### [Work required]
Within the listing that follows, reproduce exactly the lines starting at the line with "2098 | 12 €" and ending at the line with "Artikel-Nr: AND810432-80Wasserdichter Rucksack", inclusive, and only those. Pictures are dropped.

### [The data]
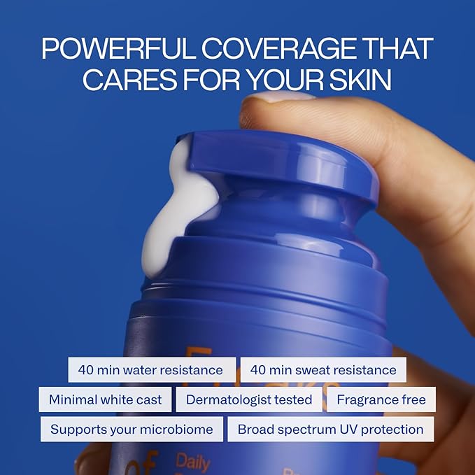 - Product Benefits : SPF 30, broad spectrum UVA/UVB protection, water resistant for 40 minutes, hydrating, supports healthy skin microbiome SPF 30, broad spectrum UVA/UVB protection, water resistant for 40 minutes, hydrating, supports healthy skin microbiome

* * *

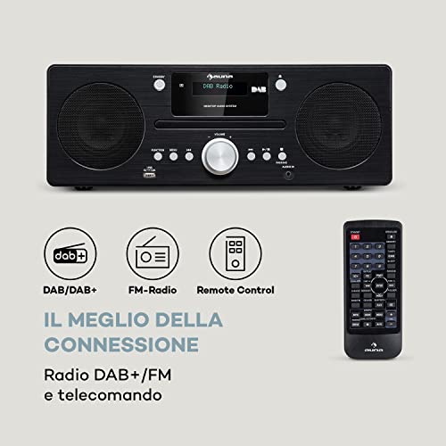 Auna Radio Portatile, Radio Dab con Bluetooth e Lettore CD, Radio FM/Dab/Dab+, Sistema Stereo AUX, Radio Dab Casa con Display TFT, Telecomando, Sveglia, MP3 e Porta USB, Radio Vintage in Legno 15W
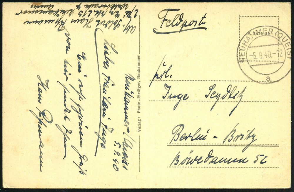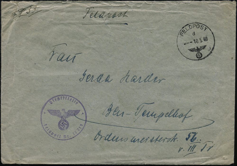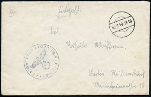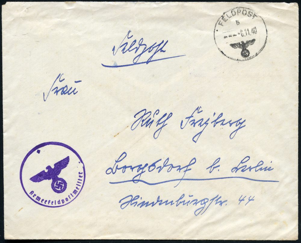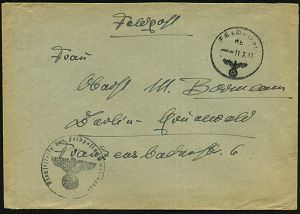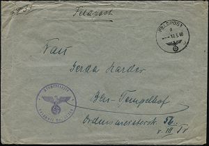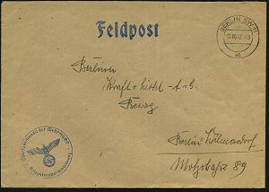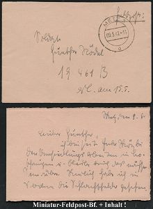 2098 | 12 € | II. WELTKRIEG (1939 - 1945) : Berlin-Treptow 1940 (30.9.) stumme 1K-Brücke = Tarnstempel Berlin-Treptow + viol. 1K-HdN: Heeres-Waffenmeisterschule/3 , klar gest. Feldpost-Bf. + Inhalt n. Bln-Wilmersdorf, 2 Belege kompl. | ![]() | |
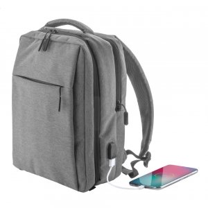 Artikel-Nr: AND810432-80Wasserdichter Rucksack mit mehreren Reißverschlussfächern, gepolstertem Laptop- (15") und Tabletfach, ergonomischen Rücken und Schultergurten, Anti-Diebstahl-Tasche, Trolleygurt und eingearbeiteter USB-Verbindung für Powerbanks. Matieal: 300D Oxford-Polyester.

--

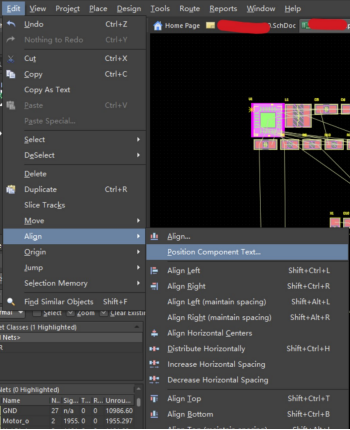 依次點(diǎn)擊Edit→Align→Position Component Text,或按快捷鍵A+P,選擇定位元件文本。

### [Result below]
 2098 | 12 € | II. WELTKRIEG (1939 - 1945) : Berlin-Treptow 1940 (30.9.) stumme 1K-Brücke = Tarnstempel Berlin-Treptow + viol. 1K-HdN: Heeres-Waffenmeisterschule/3 , klar gest. Feldpost-Bf. + Inhalt n. Bln-Wilmersdorf, 2 Belege kompl. | ![]() | |
 Artikel-Nr: AND810432-80Wasserdichter Rucksack mit mehreren Reißverschlussfächern, gepolstertem Laptop- (15") und Tabletfach, ergonomischen Rücken und Schultergurten, Anti-Diebstahl-Tasche, Trolleygurt und eingearbeiteter USB-Verbindung für Powerbanks. Matieal: 300D Oxford-Polyester.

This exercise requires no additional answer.